Ilustrasi, peran industri terhadap pemanasan global - NBC
Ilustrasi, peran industri terhadap pemanasan global - NBC

Negara Amerika Serikat (AS) dan Cina disebut sebagai negara paling banyak menghasilkan emisi karbon di dunia. Sejak tahun 1850 hingga 2021 AS bahkan menyumbang lebih dari 20 persen total emisi karbon.

Data dari Carbon Brief menyebutkan, secara total, manusia telah menghasilkan sekitar 2.500 miliar ton CO2 ke atmosfer, sejak 1850. Dari jumlah itu AS telah menyumbang 509 miliar ton atau setara dengan seperlimanya.

Ada korelasi kuat antara jumlah total CO2 yang dilepaskan oleh aktivitas manusia dan tingkat pemanasan di permukaan bumi saat ini. Selain emisi dari bahan bakar fosil, analisa juga mencakup emisi CO2 dari penggunaan lahan dan kehutanan.

Zat CO2 disebut bertahan selama berabad-abad di atmosfer. Semakin banyak yang dilepaskan, maka semakin banyak pula panas yang terperangkap. Artinya, emisi CO2 dari ratusan tahun lalu terus berkontribusi pada pemanasan planet bumi hingga hari ini.

Isu pemanasan global tengah menjadi pusat perhatian dunia, pada tahun lalu, Asia mencatatkan rekor tahun terpanas 1,4 derajat Celcius di atas suhu rata rata selama tiga dekade sebelumnya. Cuaca ekstrem dan dampak perubahan iklim menyebabkan kerugian ekonomi miliaran dolar Amerika Serikat.

Sudah lama para ahli memperkirakan, bumi bakal memanas 1,5 derajat Celcius atau 2,7 derajat Fahrenheit antara tahun 2032 hingga 2039. Mereka memperkirakan suhu planet tempat kita tinggal ini akan melampaui patokan 3,6 derajat Fahrenheit (2 derajat Celcius) antara tahun 2050 hingga 2100. Bahkan, suhu di kawasan Timur Tengah akan memanas dua kali lebih cepat dibanding bagian dunia lainnya.
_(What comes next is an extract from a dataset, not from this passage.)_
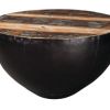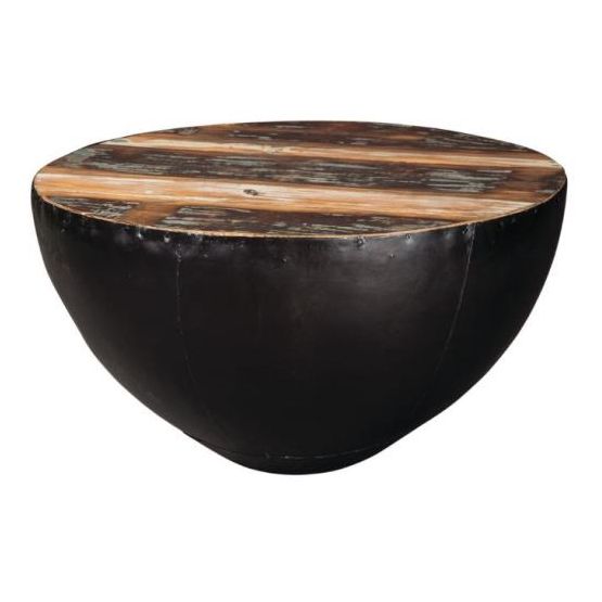 Black iron tapered drum/base contrasts nicely against the natural reclaimed wood top

Para ahli menyebut wilayah ini di ambang kiamat.

Masalah inilah yang menjadi agenda pembahasan dalam Konferensi Perubahan Iklim Perserikatan Bangsa-Bangsa ke-26 (COP26) di Glasgow, Skotlandia, pada 31 Oktober-12 November 2021. Konferensi ini diikuti oleh delegasi dari 197 negara yang menandatangani Perjanjian Paris pada 2015.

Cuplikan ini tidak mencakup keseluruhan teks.